Centre for Health Economics and Policy Analysis (CHEPA), McMaster University, Hamilton, ON, Canada.
Clin Microbiol Infect. 2025 Feb;31(2):220-225. doi: 10.1016/j.cmi.2024.09.027. Epub 2024 Oct 5.
In high tuberculosis (TB) burden countries such as Bangladesh, research and policy tend to focus on rifampicin (RIF)-resistant TB patients, leaving RIF-sensitive but isoniazid (INH)-resistant (Hr-TB) patients undiagnosed. Our study aims to determine the prevalence of INH resistance among pulmonary TB patients in selected health care facilities in Bangladesh.

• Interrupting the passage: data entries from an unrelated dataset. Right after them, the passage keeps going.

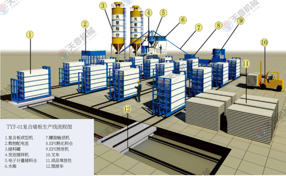 TYF-01型立式復(fù)合墻板生產(chǎn)線,設(shè)備占地面積小,產(chǎn)品一次成型,產(chǎn)量高。主機(jī)配有自動(dòng)行走系統(tǒng),設(shè)備運(yùn)轉(zhuǎn)更簡(jiǎn)單快捷,大型固定式攪拌設(shè)備,攪拌料漿更均勻,澆注效率更高。 工藝流程
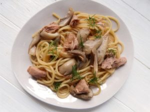 In Japan hat man ja westliche Gerichte auf eine ganz eigene Art interpretiert und so gibt es da auch Spaghetti – aber eben auf japanische Art. Mit Thunfisch, Pilzen und Sojasauce.
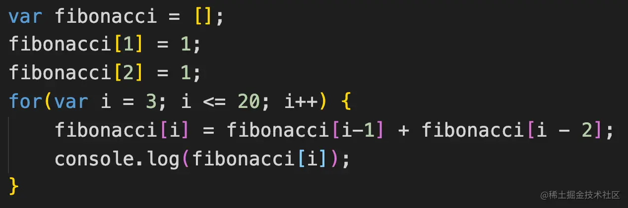 - 求斐波拉契数列的前20个数字,已知斐波那契数列中第一个数字是1,第二个数字也是1,从第三个数字开始,每一个数字都是前两个数字之和。(fibonacci[i] = fibonacci[i-1] + fibonacci[i-2] , i >=3)
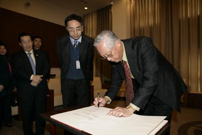 2006年4月14日上午10点,新加坡国务资政吴作栋在首都博物馆馆长郭小凌的陪同下兴致勃勃的参观了首都博物馆新馆展览,并为首都博物馆题字留言。
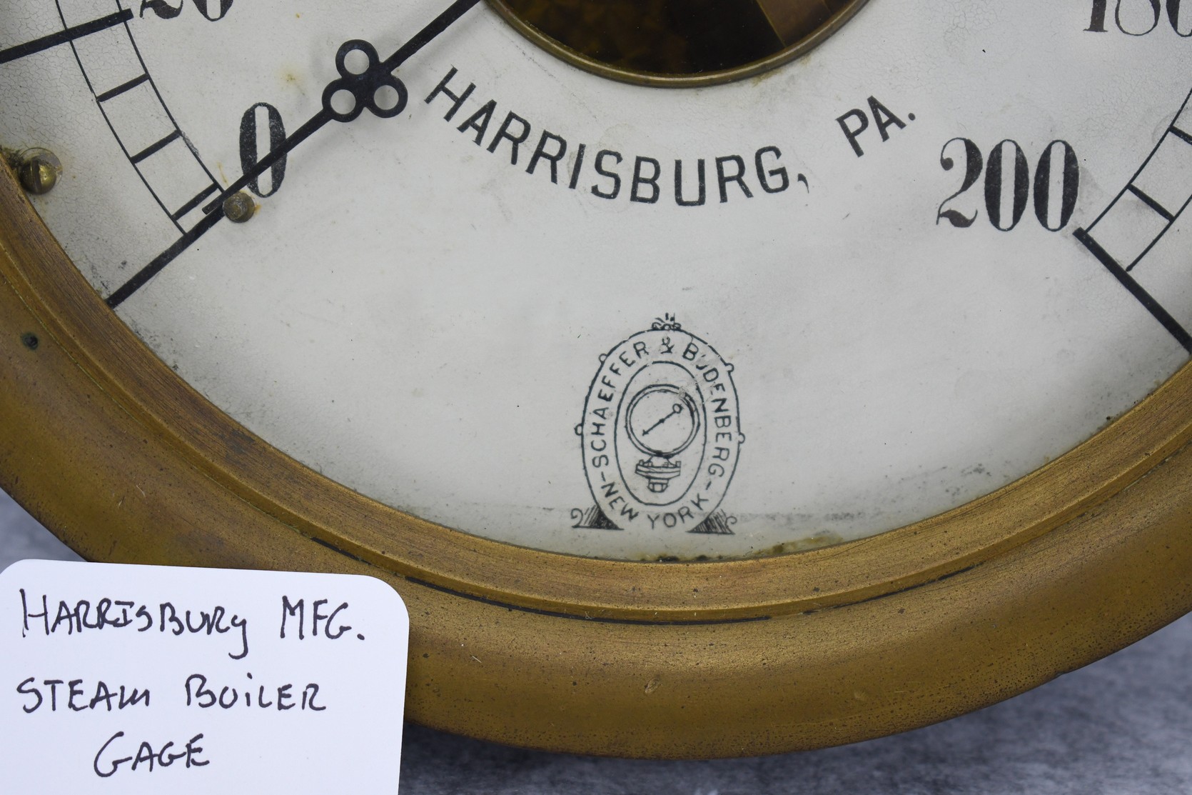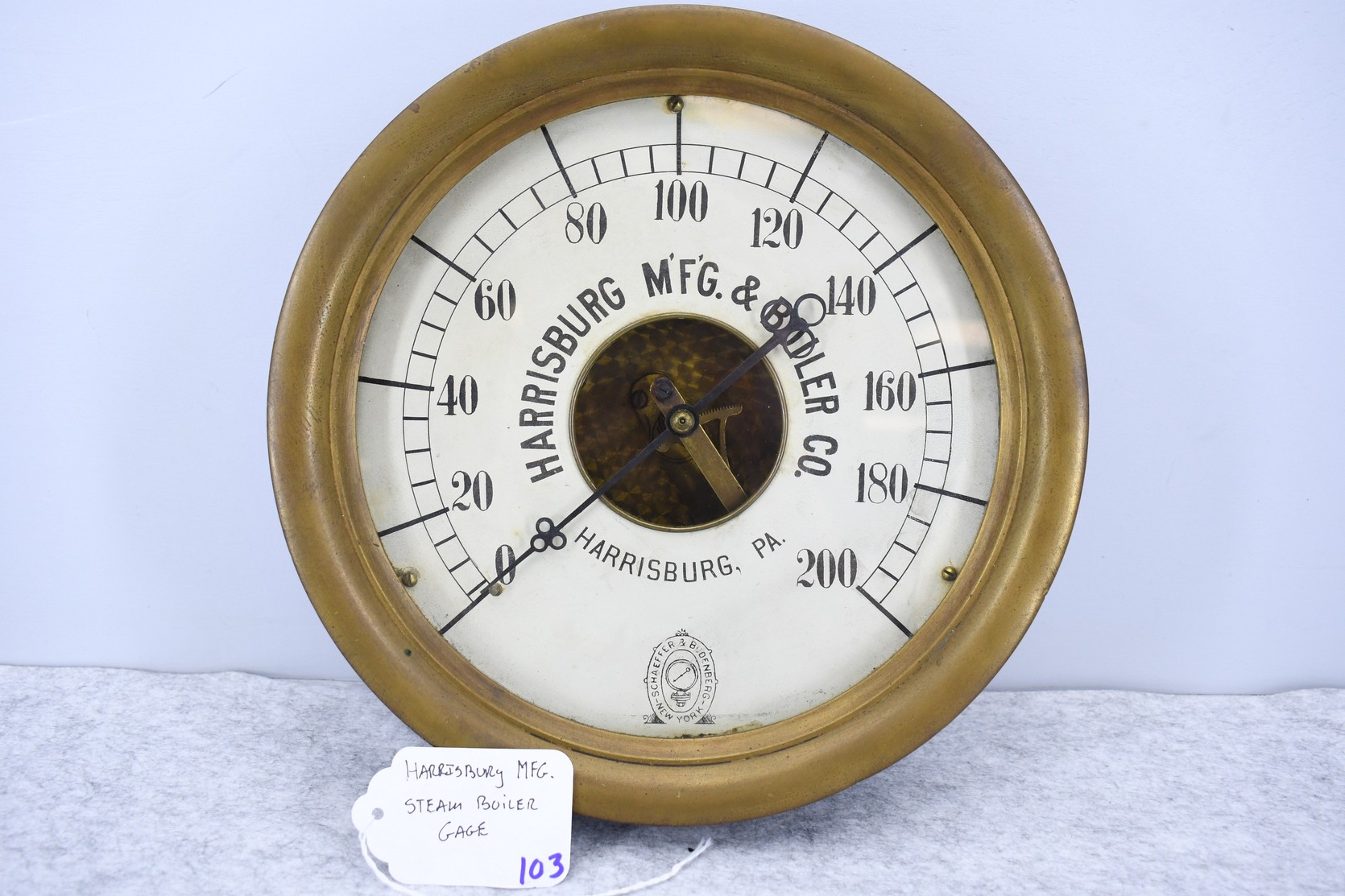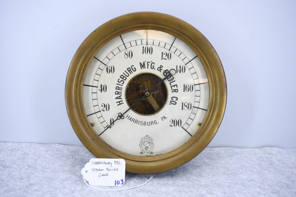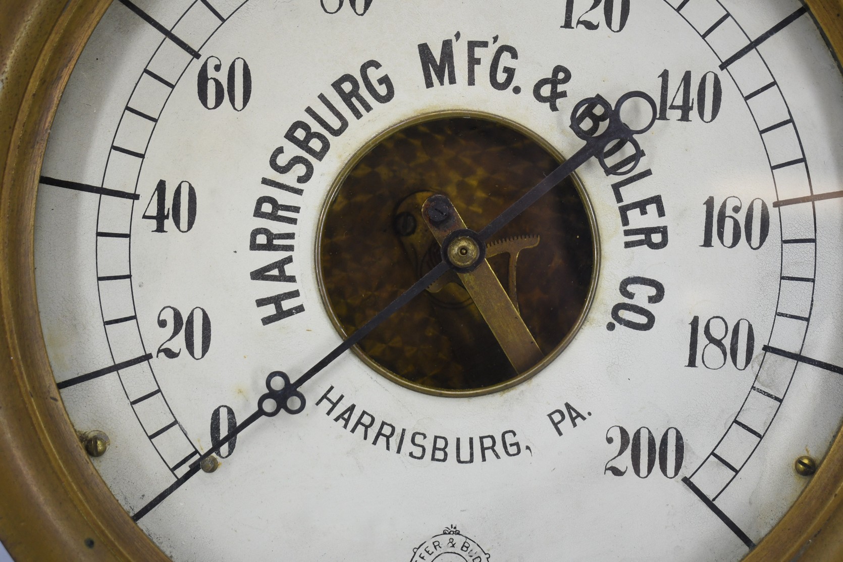 103. Harrisburg Manufacturing & Boiler Co. Harrisburg, PA Boiler Steam Pressure Gauge – Gauge has Brass Works and Brass Face – Gauge goes Up to 200LB – Gauge is Very Heavy

This study was conducted across nine TB Screening and Treatment Centres situated in Bangladesh. Sputum samples from 1084 Xpert-positive pulmonary TB patients were collected between April 2021 and December 2022 and cultured for drug susceptibility testing. Demographic and clinical characteristics of Hr-TB and drug-susceptible TB patients were compared.

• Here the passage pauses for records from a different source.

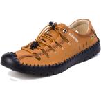 スポーツ サンダル メンズ 結ばない 靴ひも PUレザー 水遊び ゴム留め 通気性 軽量 履きやすい(ブラウン, 26.5 cm)
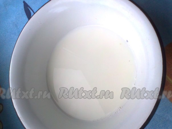 Молоко вскипятите. В достаточно глубокую миску отлейте 250 миллилитров молока, дайте немного остыть.
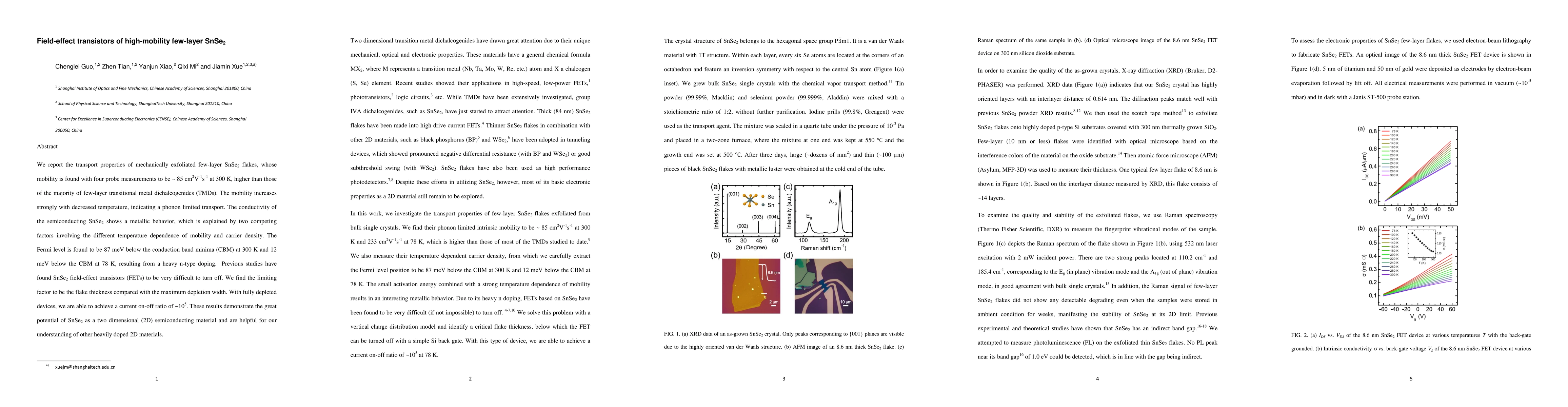 Researchers have created high-mobility transistors from few-layer SnSe2 flakes, achieving a current on-off ratio of 10^5, which demonstrates the material's potential as a two-dimensional semiconducting material.
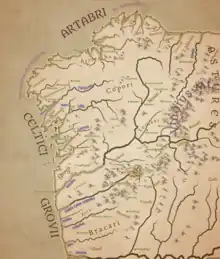80. "we cannot ignore the evidence for the Celtic presence in northern Gallaecia, which is confirmed by ancient authors: Celtici cognomine Neri et Supertamarci (Pliny 4.111), ad promunturium quod Celticum vocamus (Mela 3.9); Artabri . . . Celticae gentis (Mela 3.14), and by epigraphy, with mention of certain peoples and individuals who call themselves Celtici, for instance Fusca Coedi f. Celtica Supertamarica.53 For his part, Strabo (3.3.5) mentions, moreover, the close connection of some of these Gallaeci with the Celtici from Baeturia, in the Guadiana area, to the south of Lusitania. This relationship of the Gallaeci to the south-western Celtici, as well as that with Celtiberia (Pliny 3.13), can be demonstrated by some onomastic indicators, such as the special Celtiberian tendency to use duo nomina formulae with a name in -iko on the basis of nomen gentilicium, a fact noted amongst the south-western Celtici (C. Pagusicus Lucianus) and the Gallaeci (Apanicus Capito). Nor should one forget that in northern Gallaecia there are toponyms and ethnonyms which are well justified by Celtic (Nerion, Arotrebae, Albiones, cf. Welsh elfydd 'world', Gaulish Albiorix), as well as dedications to Lugu (Map 12.2), which link it with Celtiberia in particular." Gorrochategui, J.; Vallejo, J. M. (28 February 2019). "The parts of Hispania without epigraphy". Palaeohispanic Languages and Epigraphies. Oxford University Press. pp. 335–364. doi:10.1093/oso/9780198790822.003.0012. ISBN 978-0-19-879082-2. Archived from the original on 14 February 2022. Retrieved 23 January 2022.
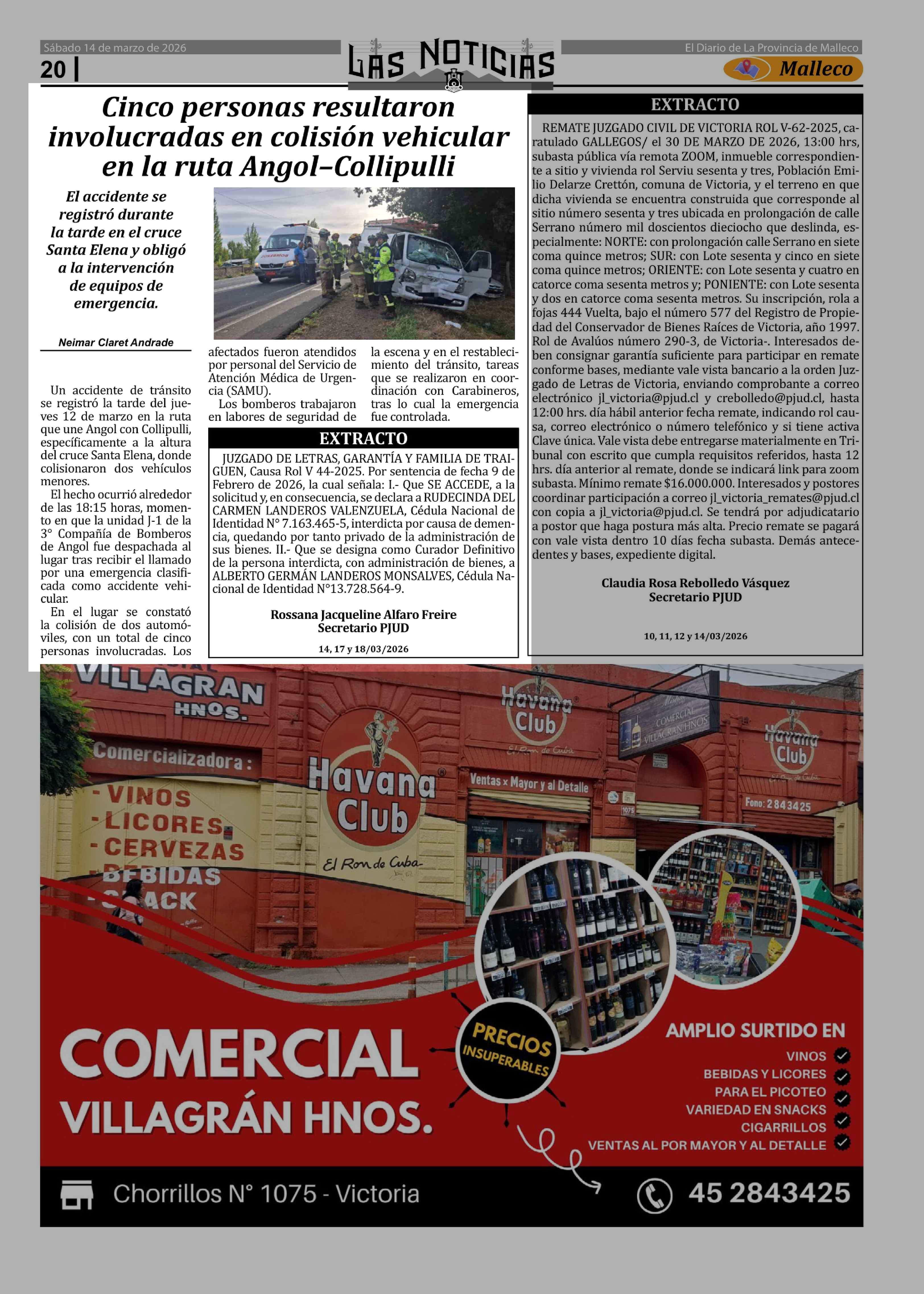 Cinco personas resultaron involucradas en colisión vehicular en la ruta Angol-Collipulli 14-03-2026 Las Noticias |

Among available drug susceptibility testing results of 998 culture-positive isolates, the resistance rate of any INH regardless of RIF susceptibility was 6.4% (64/998, 95% CI: 4.9-8.2). The rate was significantly higher in previously treated (21.1%, 16/76, 95% CI: 12.0-34.2) compared with newly diagnosed TB patients (5.2%, 48/922, 95% CI: 3.8-6.9) (p < 0.001). The rate of Hr-TB was 4.5% (45/998, 95% CI: 3.3-6.0), which was also higher among previously treated patients (6.6%, 5/76, 95% CI: 1.4-13.5) compared with newly diagnosed TB patients (4.3%; 40/922, 95% CI: 3.1-5.9) (p 0.350). Most importantly, the rate of Hr-TB was more than double compared with MDR-TB (4.5%, 45/998, vs. 1.9%, 19/998) found in the current study.

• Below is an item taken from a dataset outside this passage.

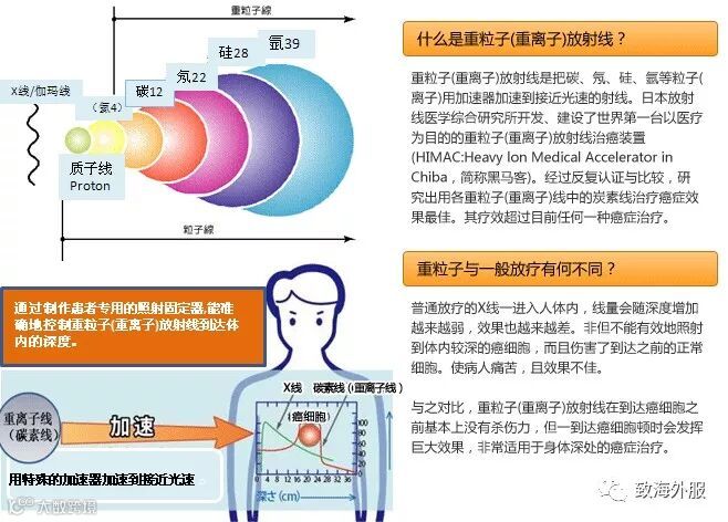 重粒子放射线应用于临床治疗以来,已成为医学界公认的最为先进的癌症治疗方法。日本是世界上重粒子线技术开展最早的国家、拥有治疗病例数最多、临床经验最为丰富的重粒子加速器中心。为使国内的患者也能享受这一最为先进的癌症治疗技术,基于森海行私人定制健康之旅与日本放射线综合研究所重粒子中心医院、群马大学重粒子研究中心独家合作关系,现在,中国公民也可以到日本去享受世界最先进水平的癌症治疗服务了。癌症肿瘤患者赴日本主要选择重粒子线治疗。重粒子线适合治疗头颈部肿瘤(鼻及面部等耳鼻科)、头盖底肿瘤、非小细胞肺癌、纵膈肿瘤、肝癌、胰腺癌、肾癌、前列腺癌、子宫颈癌、转移性肿瘤、软骨部肿瘤。第一期肺癌及早期肝癌只要1~2次照射即可完成治疗,骨瘤虽要照射16~20次,也只有X射线次数的一半。每次照射治疗只有约1~2分钟,无任何疼痛感,基本上没有任何感觉。不适合者也可选择其它治疗,如螺旋导航光子刀等。
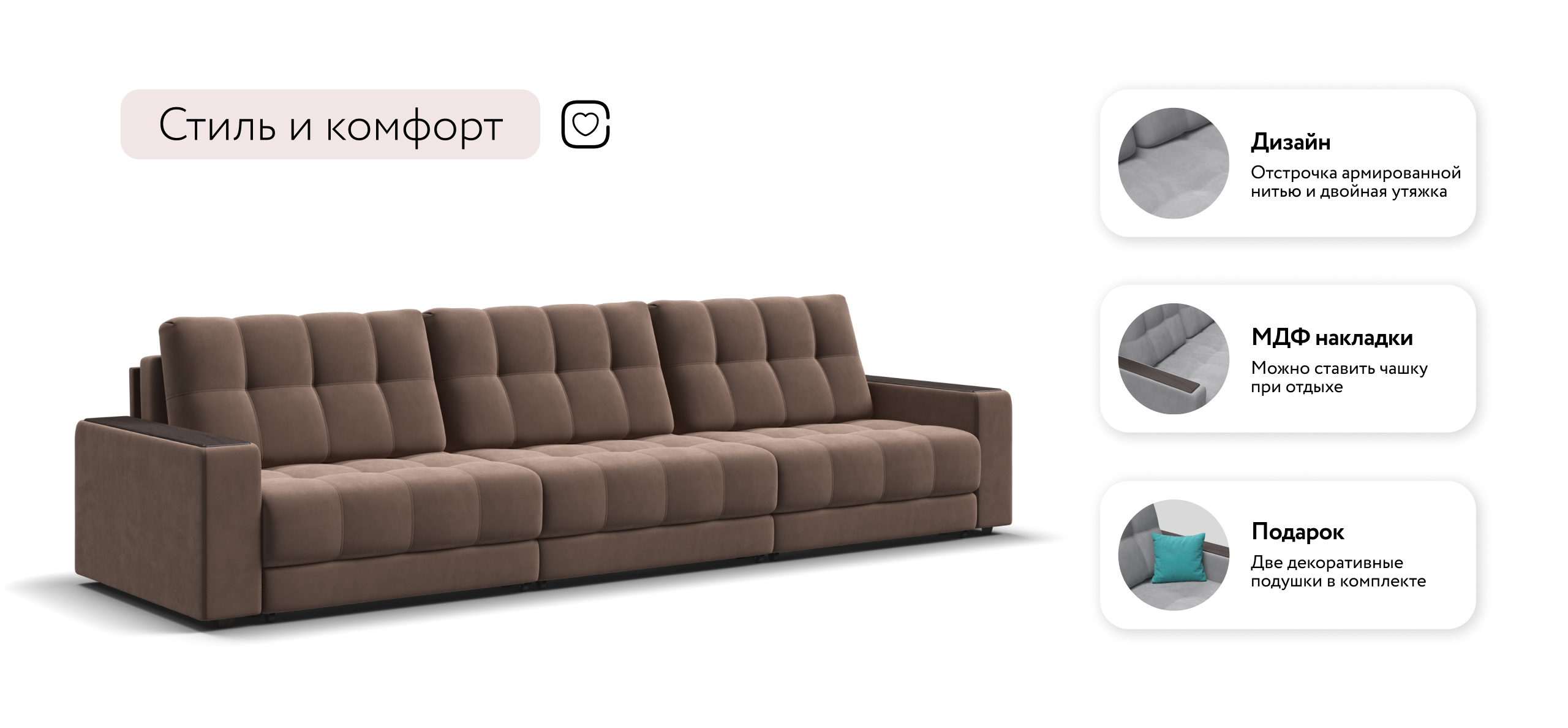 Новый диван стал центром нашей гостиной. Велюровая обивка удивительно мягкая и приятная на ощупь, что добавляет дополнительный комфорт в использовании. К тому же, диван отличается стильным дизайном, который отлично вписывается в современный интерьер. С его помощью пространство стало более уютным и привлекательным.

This study reveals a high prevalence of Hr-TB, surpassing even that of the multi-drug-resistant TB in Bangladesh. This emphasizes the urgent need to adopt WHO-recommended molecular tools at the national level for rapid detection of INH resistance so that patients receive timely and appropriate treatment.
在孟加拉国等高结核病负担国家,研究和政策往往侧重于耐利福平(RIF)的结核病患者,导致对利福平敏感但对异烟肼(INH)耐药的(Hr-TB)患者未被诊断出来。我们的研究旨在确定孟加拉国选定医疗机构中肺结核患者的异烟肼耐药率。
本研究在孟加拉国的9个结核病筛查和治疗中心进行。在2021年4月至2022年12月期间,收集了1084例Xpert检测呈阳性的肺结核患者的痰液样本,并进行培养以进行药敏试验。比较了Hr-TB患者和药敏肺结核患者的人口统计学和临床特征。
在998株培养阳性菌株的可用药敏试验结果中,无论利福平药敏情况如何,任何异烟肼的耐药率为6.4%(64/998,95%CI:4.9-8.2)。与新诊断的结核病患者(5.